Records from a collection:
◇ ◇ ◇

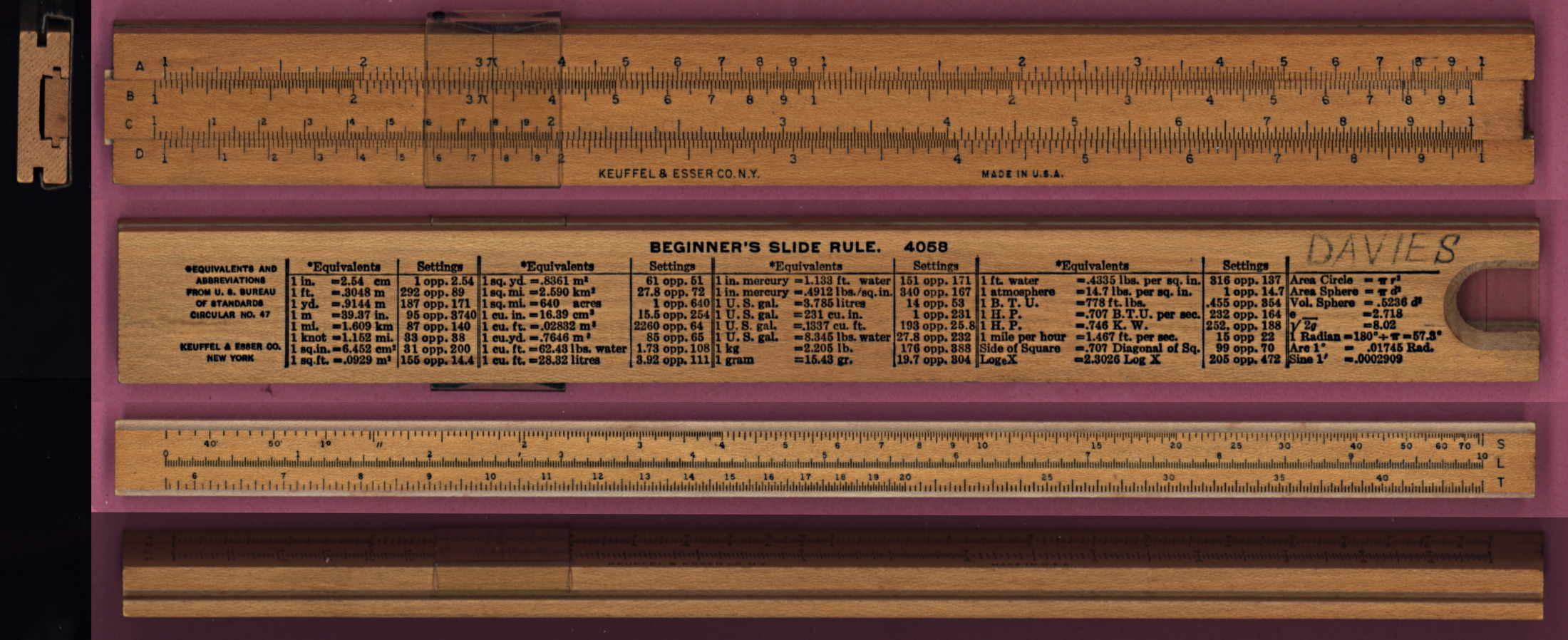 K&E 4031 5-inch Mannheim sn92226 1924 Version 1 Made in U.S.A. by Keuffel & Esser. All-Glass cursor(Indicator) Front Scale: 5inch // A [ B, C ] D || 12cm Back Scale: [ S, L, T ] Back: Early Equivalents label; Gift Of JoAnn Lynn of Washington D.C., Husband Joel L. Lynn's Collection W.L.E.Keuffel Patent drawingJune 5, 1900 US 0651142 (PDF)
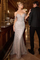 Off-Shoulder Silver Nude Beaded Mermaid Gown with Illusion Bodice CDCC0689
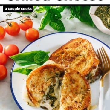 It’s the time of year when our basil plant is big and bushy, and that means all things pesto. Here’s one of our favorite ways to use this herbaceous spread: in pesto grilled cheese! It gives the best garlicky, herby flavor to the gooey melty cheese, making it one irresistible sandwich. It’s quick to put together and almost impossible to put down.
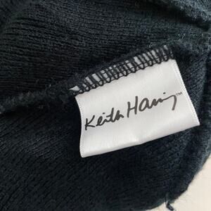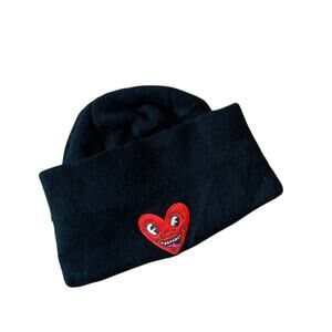 Keith Haring Black Rolled Knit Beanie Hat Embroidered Laughing Heart Unisex
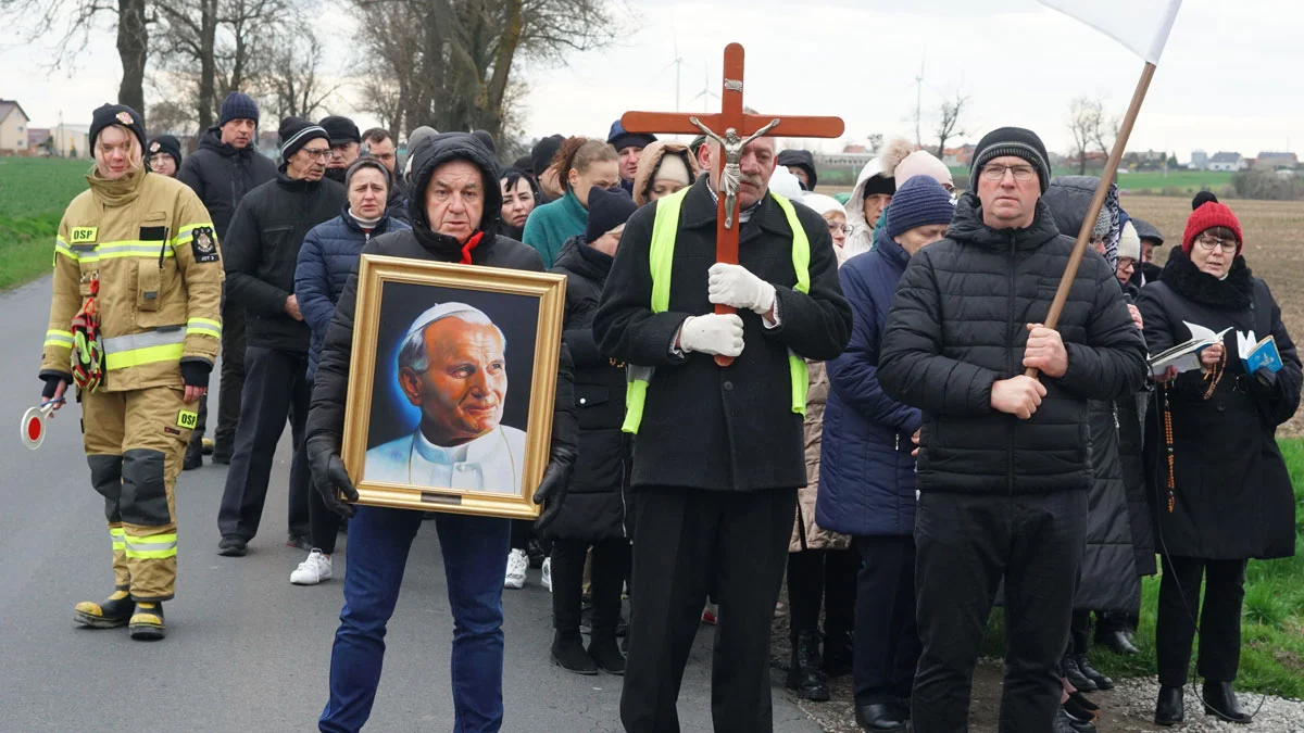 Wraz z wiernymi szedł proboszcz z Domachowa, ks. Paweł Minta. Panowie Marek Wojciechowski, Sławomir Górski i JanNiedziela nieśli krzyż, portret świętego i flagę papieską.
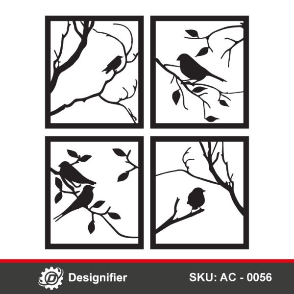 Birds On Branch Wall Art DXF AC0056 enables you to create Modern and unique Metal wall art by Laser cutting or Plasma and CNC, an innovative design, and fantastic abstract art. This design was created with the highest precision standards to be cut on the laser, plasma, and CNC cutters using all available materials such as wood, metal, and acrylic. You can also use Birds On Branch Wall Art DXF AC0056 in printing on the walls to make attractive decorations through paints or cutting stickers. Create awesome gifts for your customers or friends through this distinctive wall art.
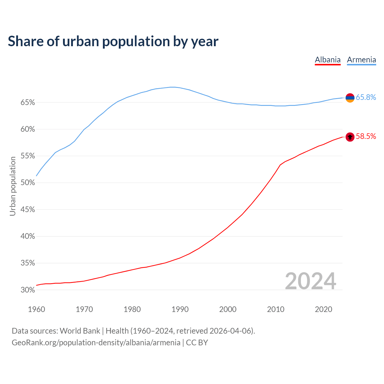 From 2004 to 2024, the share of urban population changed from 45% to 58.5% in Albania and from 64.6% to 65.8% in Armenia.
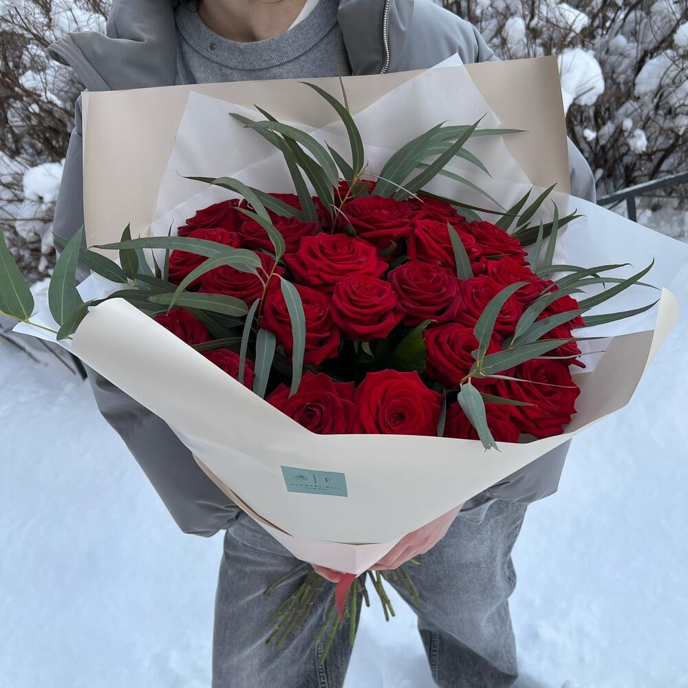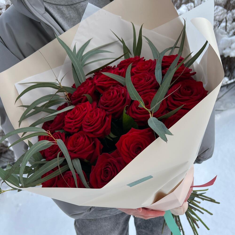 Красная роза 50 см – 25 шт.Эвкалипт – 5 шт.Дизайнерская упаковка – 1 шт.Лента атласная – 1 шт.
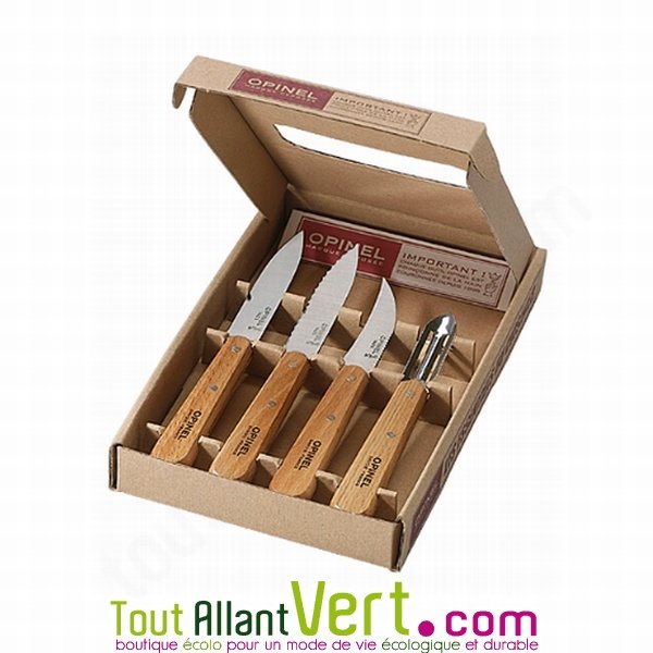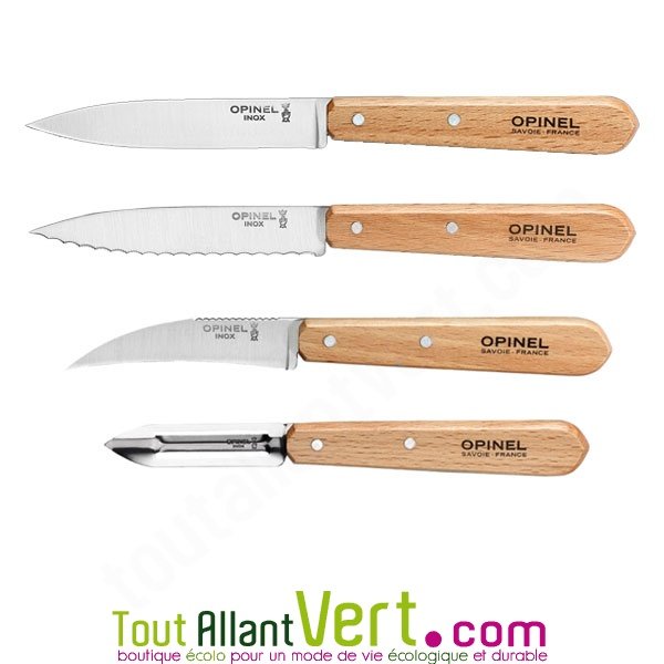 de OpinelUn beau coffret des 4 couteaux de cuisine les plus utilisés en cuisine. Des lames en inox de haute qualité. Marque Opinel et fabrication française. Passe au lave-vaisselle. 4 couteaux : couteau d'office, couteau cranté, couteau à légumes et épelucheur à légumes.
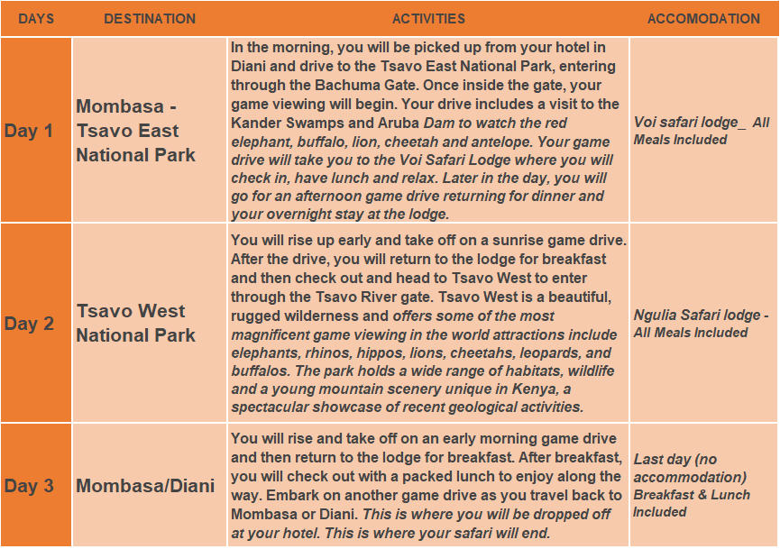 This 3-day safari includes a visit to both Tsavo East National Park and Tsavo West National Park. Tsavo East is known as the “Land of Lava, Springs, Man-eaters and Magical Sunsets”.

◇ ◇ ◇

Your objective:
Leave out the pictures, then give all the records again exactly.

Task response:
 K&E 4031 5-inch Mannheim sn92226 1924 Version 1 Made in U.S.A. by Keuffel & Esser. All-Glass cursor(Indicator) Front Scale: 5inch // A [ B, C ] D || 12cm Back Scale: [ S, L, T ] Back: Early Equivalents label; Gift Of JoAnn Lynn of Washington D.C., Husband Joel L. Lynn's Collection W.L.E.Keuffel Patent drawingJune 5, 1900 US 0651142 (PDF)
 Off-Shoulder Silver Nude Beaded Mermaid Gown with Illusion Bodice CDCC0689
 It’s the time of year when our basil plant is big and bushy, and that means all things pesto. Here’s one of our favorite ways to use this herbaceous spread: in pesto grilled cheese! It gives the best garlicky, herby flavor to the gooey melty cheese, making it one irresistible sandwich. It’s quick to put together and almost impossible to put down.
 Keith Haring Black Rolled Knit Beanie Hat Embroidered Laughing Heart Unisex
 Wraz z wiernymi szedł proboszcz z Domachowa, ks. Paweł Minta. Panowie Marek Wojciechowski, Sławomir Górski i JanNiedziela nieśli krzyż, portret świętego i flagę papieską.
 Birds On Branch Wall Art DXF AC0056 enables you to create Modern and unique Metal wall art by Laser cutting or Plasma and CNC, an innovative design, and fantastic abstract art. This design was created with the highest precision standards to be cut on the laser, plasma, and CNC cutters using all available materials such as wood, metal, and acrylic. You can also use Birds On Branch Wall Art DXF AC0056 in printing on the walls to make attractive decorations through paints or cutting stickers. Create awesome gifts for your customers or friends through this distinctive wall art.
 From 2004 to 2024, the share of urban population changed from 45% to 58.5% in Albania and from 64.6% to 65.8% in Armenia.
 Красная роза 50 см – 25 шт.Эвкалипт – 5 шт.Дизайнерская упаковка – 1 шт.Лента атласная – 1 шт.
 de OpinelUn beau coffret des 4 couteaux de cuisine les plus utilisés en cuisine. Des lames en inox de haute qualité. Marque Opinel et fabrication française. Passe au lave-vaisselle. 4 couteaux : couteau d'office, couteau cranté, couteau à légumes et épelucheur à légumes.
 This 3-day safari includes a visit to both Tsavo East National Park and Tsavo West National Park. Tsavo East is known as the “Land of Lava, Springs, Man-eaters and Magical Sunsets”.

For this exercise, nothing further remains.